La violette rit dans son rare gazon ;
La neige brille aux monts sans insulter la plaine.
Que d’aspects assemblés ! sur la hauteur prochaine
Ce massif de bois nu, dans sa sobre saison ;
En bas le lac limpide, où nagent sans frisson
Les blancs sommets tout peints d’un bleu de porcelaine.

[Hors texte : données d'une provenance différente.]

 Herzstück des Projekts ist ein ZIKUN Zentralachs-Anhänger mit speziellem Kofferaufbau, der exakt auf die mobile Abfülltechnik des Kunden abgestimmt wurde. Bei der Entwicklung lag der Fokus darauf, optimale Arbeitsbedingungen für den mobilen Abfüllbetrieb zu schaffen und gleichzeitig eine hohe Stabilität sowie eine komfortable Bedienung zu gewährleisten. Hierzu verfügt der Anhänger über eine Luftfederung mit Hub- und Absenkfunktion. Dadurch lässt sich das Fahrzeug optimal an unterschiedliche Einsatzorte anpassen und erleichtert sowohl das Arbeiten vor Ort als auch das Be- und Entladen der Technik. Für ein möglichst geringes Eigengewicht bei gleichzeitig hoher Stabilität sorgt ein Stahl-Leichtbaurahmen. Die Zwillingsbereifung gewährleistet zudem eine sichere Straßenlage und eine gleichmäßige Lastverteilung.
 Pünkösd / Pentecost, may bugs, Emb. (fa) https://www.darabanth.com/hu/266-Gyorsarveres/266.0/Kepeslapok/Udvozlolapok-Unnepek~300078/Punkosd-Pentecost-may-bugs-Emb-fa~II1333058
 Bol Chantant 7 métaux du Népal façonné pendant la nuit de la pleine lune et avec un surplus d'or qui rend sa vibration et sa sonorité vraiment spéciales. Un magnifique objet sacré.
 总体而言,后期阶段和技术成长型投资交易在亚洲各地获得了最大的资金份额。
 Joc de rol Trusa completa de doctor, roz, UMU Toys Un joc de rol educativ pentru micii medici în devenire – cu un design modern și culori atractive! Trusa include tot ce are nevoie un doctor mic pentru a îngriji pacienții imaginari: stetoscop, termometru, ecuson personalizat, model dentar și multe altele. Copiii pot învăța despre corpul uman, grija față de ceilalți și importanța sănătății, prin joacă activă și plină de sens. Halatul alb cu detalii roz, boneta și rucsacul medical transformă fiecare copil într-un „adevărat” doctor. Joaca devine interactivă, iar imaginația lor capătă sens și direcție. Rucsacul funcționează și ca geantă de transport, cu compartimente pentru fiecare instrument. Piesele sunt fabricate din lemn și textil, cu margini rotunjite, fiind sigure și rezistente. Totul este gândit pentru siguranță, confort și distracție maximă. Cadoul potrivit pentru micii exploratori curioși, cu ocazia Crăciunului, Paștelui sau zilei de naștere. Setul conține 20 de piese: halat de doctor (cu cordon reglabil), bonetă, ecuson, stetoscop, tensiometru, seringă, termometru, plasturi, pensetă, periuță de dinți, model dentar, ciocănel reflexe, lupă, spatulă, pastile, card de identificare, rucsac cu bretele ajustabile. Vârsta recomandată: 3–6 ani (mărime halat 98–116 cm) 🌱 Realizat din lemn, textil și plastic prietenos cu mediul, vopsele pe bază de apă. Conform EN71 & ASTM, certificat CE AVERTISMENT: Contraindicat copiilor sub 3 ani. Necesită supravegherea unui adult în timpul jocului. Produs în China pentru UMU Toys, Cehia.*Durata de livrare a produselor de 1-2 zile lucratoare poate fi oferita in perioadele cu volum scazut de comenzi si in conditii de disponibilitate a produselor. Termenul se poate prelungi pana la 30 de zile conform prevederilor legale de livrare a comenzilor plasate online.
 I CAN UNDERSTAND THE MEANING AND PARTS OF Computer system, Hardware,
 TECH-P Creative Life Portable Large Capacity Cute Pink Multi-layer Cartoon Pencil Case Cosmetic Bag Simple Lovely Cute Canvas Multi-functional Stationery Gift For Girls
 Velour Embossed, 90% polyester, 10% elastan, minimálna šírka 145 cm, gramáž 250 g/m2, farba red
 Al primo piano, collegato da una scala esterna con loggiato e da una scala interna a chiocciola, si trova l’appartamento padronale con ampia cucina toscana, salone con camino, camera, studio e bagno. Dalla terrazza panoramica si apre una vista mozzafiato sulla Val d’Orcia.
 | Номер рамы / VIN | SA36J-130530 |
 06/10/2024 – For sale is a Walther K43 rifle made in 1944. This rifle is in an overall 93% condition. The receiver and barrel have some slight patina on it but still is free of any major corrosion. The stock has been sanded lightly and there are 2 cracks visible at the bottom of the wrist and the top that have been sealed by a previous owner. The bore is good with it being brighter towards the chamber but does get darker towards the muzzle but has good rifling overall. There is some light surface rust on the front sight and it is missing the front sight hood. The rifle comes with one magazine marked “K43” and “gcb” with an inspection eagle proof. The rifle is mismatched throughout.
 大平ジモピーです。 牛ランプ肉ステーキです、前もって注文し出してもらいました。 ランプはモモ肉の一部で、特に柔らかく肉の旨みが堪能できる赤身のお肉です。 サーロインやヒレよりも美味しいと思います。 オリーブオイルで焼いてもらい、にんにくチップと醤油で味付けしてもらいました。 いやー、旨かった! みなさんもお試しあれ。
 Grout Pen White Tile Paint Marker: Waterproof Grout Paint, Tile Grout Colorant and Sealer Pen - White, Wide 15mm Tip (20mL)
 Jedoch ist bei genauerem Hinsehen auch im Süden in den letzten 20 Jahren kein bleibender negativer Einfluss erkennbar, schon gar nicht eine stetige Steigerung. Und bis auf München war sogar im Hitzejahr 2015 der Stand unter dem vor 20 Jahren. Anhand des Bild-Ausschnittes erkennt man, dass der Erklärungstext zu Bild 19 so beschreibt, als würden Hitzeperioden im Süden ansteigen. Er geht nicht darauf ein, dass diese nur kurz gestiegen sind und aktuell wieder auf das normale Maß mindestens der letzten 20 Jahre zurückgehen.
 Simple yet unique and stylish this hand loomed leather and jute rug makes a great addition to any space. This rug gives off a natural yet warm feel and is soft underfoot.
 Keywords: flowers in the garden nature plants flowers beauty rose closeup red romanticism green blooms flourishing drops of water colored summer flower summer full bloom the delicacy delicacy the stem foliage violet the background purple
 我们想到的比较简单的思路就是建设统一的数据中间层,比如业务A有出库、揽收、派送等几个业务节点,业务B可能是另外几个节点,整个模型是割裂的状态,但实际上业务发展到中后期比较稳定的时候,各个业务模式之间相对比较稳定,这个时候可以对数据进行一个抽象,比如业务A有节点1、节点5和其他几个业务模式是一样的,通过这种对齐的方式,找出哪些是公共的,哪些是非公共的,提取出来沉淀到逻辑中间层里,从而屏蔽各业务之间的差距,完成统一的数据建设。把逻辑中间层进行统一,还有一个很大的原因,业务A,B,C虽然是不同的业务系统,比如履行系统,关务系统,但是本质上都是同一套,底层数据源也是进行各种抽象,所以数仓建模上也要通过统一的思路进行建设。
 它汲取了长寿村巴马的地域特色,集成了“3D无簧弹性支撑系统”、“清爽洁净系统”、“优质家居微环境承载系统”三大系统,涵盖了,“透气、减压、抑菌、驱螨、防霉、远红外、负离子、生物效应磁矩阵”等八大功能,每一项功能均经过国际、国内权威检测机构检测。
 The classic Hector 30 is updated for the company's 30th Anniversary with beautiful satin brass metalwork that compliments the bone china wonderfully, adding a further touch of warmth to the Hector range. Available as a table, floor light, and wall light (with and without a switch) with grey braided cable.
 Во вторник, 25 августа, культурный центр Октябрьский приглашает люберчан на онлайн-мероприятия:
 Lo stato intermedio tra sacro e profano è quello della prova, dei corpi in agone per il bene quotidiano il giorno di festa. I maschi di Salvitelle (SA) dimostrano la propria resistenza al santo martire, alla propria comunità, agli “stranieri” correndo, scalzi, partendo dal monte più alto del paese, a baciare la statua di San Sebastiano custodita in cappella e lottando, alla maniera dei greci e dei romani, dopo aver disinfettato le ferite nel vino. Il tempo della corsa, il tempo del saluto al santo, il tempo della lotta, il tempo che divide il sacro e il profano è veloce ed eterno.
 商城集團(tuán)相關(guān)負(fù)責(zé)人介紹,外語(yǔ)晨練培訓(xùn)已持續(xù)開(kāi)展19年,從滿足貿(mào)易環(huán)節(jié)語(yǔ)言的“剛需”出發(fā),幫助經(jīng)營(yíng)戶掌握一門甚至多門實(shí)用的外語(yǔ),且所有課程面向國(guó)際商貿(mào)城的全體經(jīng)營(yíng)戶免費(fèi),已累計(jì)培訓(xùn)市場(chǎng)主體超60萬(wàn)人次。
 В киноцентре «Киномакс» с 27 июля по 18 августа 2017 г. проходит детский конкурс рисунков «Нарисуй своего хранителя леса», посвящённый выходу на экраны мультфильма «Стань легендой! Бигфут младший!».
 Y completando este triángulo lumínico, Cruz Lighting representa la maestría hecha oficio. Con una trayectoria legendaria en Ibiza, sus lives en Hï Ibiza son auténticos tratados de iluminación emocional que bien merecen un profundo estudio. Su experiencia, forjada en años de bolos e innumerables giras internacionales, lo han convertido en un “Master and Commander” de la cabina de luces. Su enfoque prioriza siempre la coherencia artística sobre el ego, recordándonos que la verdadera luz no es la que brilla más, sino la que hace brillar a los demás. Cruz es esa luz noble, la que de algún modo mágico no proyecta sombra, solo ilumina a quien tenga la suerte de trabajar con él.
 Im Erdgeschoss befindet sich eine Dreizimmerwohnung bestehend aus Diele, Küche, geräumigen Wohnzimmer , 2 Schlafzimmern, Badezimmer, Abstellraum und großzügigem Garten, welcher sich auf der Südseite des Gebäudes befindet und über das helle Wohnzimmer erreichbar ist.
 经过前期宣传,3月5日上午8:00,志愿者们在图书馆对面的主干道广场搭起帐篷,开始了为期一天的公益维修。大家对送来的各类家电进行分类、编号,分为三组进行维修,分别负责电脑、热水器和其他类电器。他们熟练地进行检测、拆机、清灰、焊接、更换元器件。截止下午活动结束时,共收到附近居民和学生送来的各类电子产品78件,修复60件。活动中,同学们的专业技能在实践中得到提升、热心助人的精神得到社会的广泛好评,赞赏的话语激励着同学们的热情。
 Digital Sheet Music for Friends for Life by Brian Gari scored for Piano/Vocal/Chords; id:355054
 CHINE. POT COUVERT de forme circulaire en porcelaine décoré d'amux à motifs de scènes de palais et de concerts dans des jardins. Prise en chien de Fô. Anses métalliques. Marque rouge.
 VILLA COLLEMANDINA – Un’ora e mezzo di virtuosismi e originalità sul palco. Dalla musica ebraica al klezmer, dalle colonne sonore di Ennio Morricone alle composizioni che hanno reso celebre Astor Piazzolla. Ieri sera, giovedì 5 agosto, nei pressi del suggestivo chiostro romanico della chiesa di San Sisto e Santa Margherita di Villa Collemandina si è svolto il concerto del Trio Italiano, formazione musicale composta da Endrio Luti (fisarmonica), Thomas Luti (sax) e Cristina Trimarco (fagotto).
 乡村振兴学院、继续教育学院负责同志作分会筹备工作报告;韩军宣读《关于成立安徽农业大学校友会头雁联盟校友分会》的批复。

Pauvre orage de l’âme, où donc est ta rigueur ?
Qu’as-tu fait de tes flots, orage de mon cœur ?
Je sens à peine en moi les rumeurs expirantes.
J’aime ce que j’aimais ; un souvenir pieux
Sur ces coteaux nouveaux me redit d’autres lieux,
Et je songe au passé le long des eaux courantes.
III
Et je songe au passé, peut-être à l’avenir,
Peut-être au bonheur même en sa vague promesse,
Au bonheur que promet un reste de jeunesse,
Et qu’un cœur pardonné peut encore obtenir.
Pardonne-lui, Seigneur, et le daigne bénir ;
Retiens sa force errante, ou force sa faiblesse,
Pour qu’en toute saison ton souffle égal ne laisse
Ni désir insensé, ni trop cher souvenir.